Your output should be the exact lines from the start of the data through the line containing "A final do Campeonato", with no pictures.

Data segment ::
##########

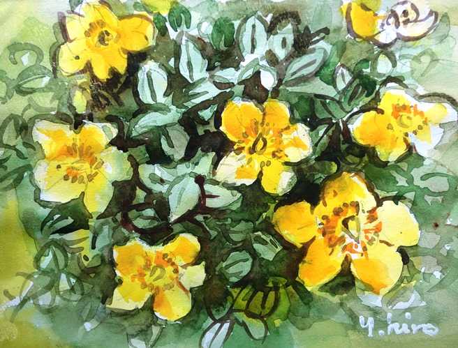 庭の花キンシバイを描きました。雨に濡れると濃い黄色の花、緑の葉が一層映えて見えます。以下はネットで得た情報よく茂った濃い緑色の葉に映えるキンシバイの黄金色の花は、初夏から夏へと移り変わる季節を知らせてくれます。枝垂れた枝の先端にうつむき加減に花を咲かせる、江戸時代に渡来した中国原産の半常緑低木で、古くから観賞用として栽培されてきました。キンシバイの仲間(オトギリソウ属)の日本原産種には、薬草として知られるオトギリソウ(Hypericum erectum)やトモエソウ(H.ascyron)など20種ほどがありますが、いずれも草本植物です。
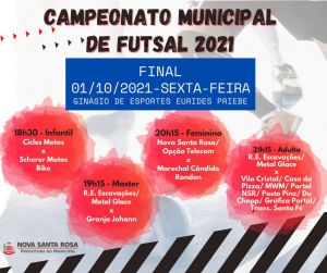 A final do Campeonato Municipal de Futsal – 2ª Copa Opção Telecom ocorre hoje (1º), em Nova Santa Rosa. A bola rola no Ginásio de Esportes Eurides Priebe, a partir das 18h30.
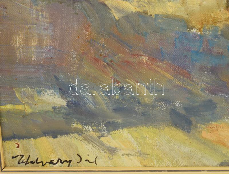 Beschreibung: Udvary Pál (1900-1987): Balatonfüred 40 éve. Olaj, vászon. Jelezve balra lent. Hátoldalán autográf felirattal és Képcsarnok Vállalat címkéjével. Fakeretben. 60x80 cm

##########

Solution to the exercise ::
 庭の花キンシバイを描きました。雨に濡れると濃い黄色の花、緑の葉が一層映えて見えます。以下はネットで得た情報よく茂った濃い緑色の葉に映えるキンシバイの黄金色の花は、初夏から夏へと移り変わる季節を知らせてくれます。枝垂れた枝の先端にうつむき加減に花を咲かせる、江戸時代に渡来した中国原産の半常緑低木で、古くから観賞用として栽培されてきました。キンシバイの仲間(オトギリソウ属)の日本原産種には、薬草として知られるオトギリソウ(Hypericum erectum)やトモエソウ(H.ascyron)など20種ほどがありますが、いずれも草本植物です。
 A final do Campeonato Municipal de Futsal – 2ª Copa Opção Telecom ocorre hoje (1º), em Nova Santa Rosa. A bola rola no Ginásio de Esportes Eurides Priebe, a partir das 18h30.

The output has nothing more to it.